> What you have to do: The listing that follows should be copied in full and exactly, with no pictures.

********

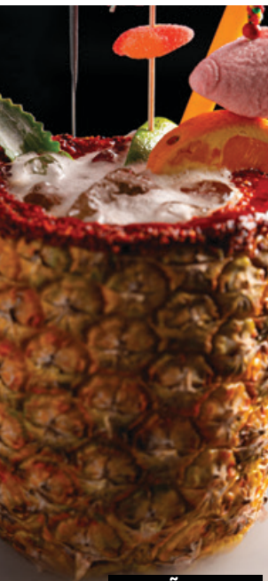
LA PIÑA LOCA

Tequila Reposado, Grand Marnier, Citrus Blend, Lime 12
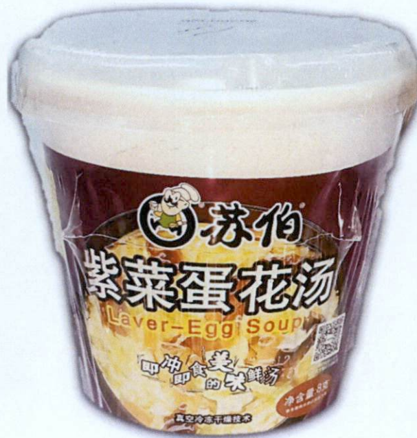
Figure 1. Unregistered Laver-Egg Soup In Plastic Cup Packaging With Violet Packaging (In Foreign Language)

The Food and Drug Administration (FDA) warns all healthcare professionals and the general public NOT TO PURCHASE AND CONSUME the following unregistered food products:
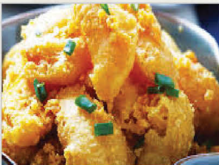
金沙咸蛋黃南瓜 $12.95 Salt Egg Yolk w. Pumpkin
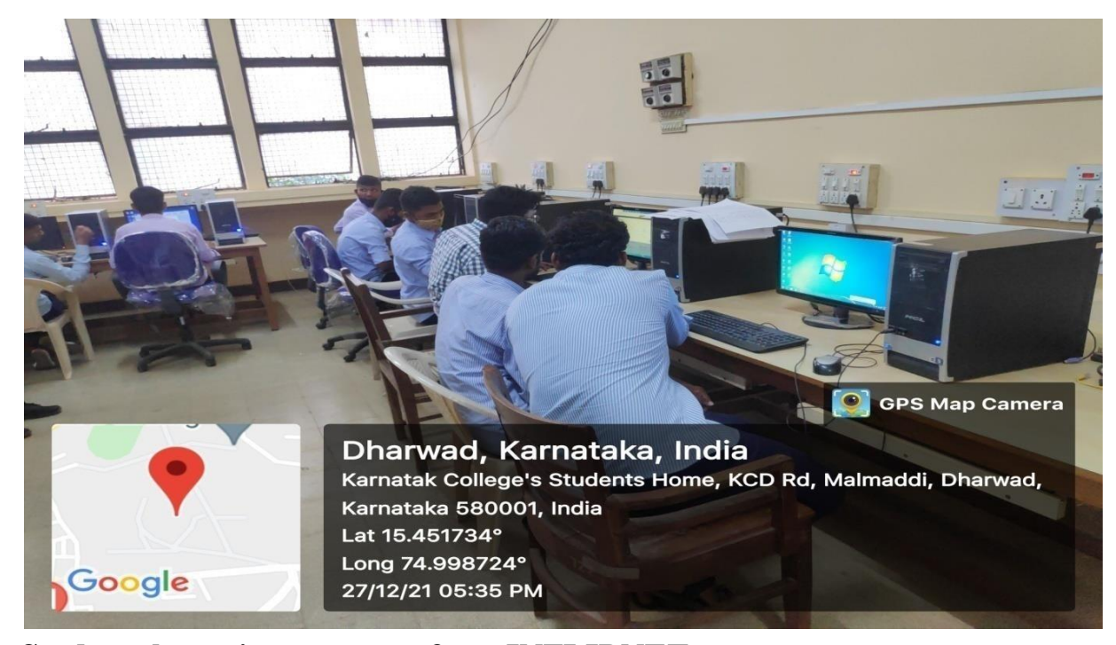
Students browsing e-content from INFLIBNET

********

> Your solution:
LA PIÑA LOCA

Tequila Reposado, Grand Marnier, Citrus Blend, Lime 12
Figure 1. Unregistered Laver-Egg Soup In Plastic Cup Packaging With Violet Packaging (In Foreign Language)

The Food and Drug Administration (FDA) warns all healthcare professionals and the general public NOT TO PURCHASE AND CONSUME the following unregistered food products:
金沙咸蛋黃南瓜 $12.95 Salt Egg Yolk w. Pumpkin
Students browsing e-content from INFLIBNET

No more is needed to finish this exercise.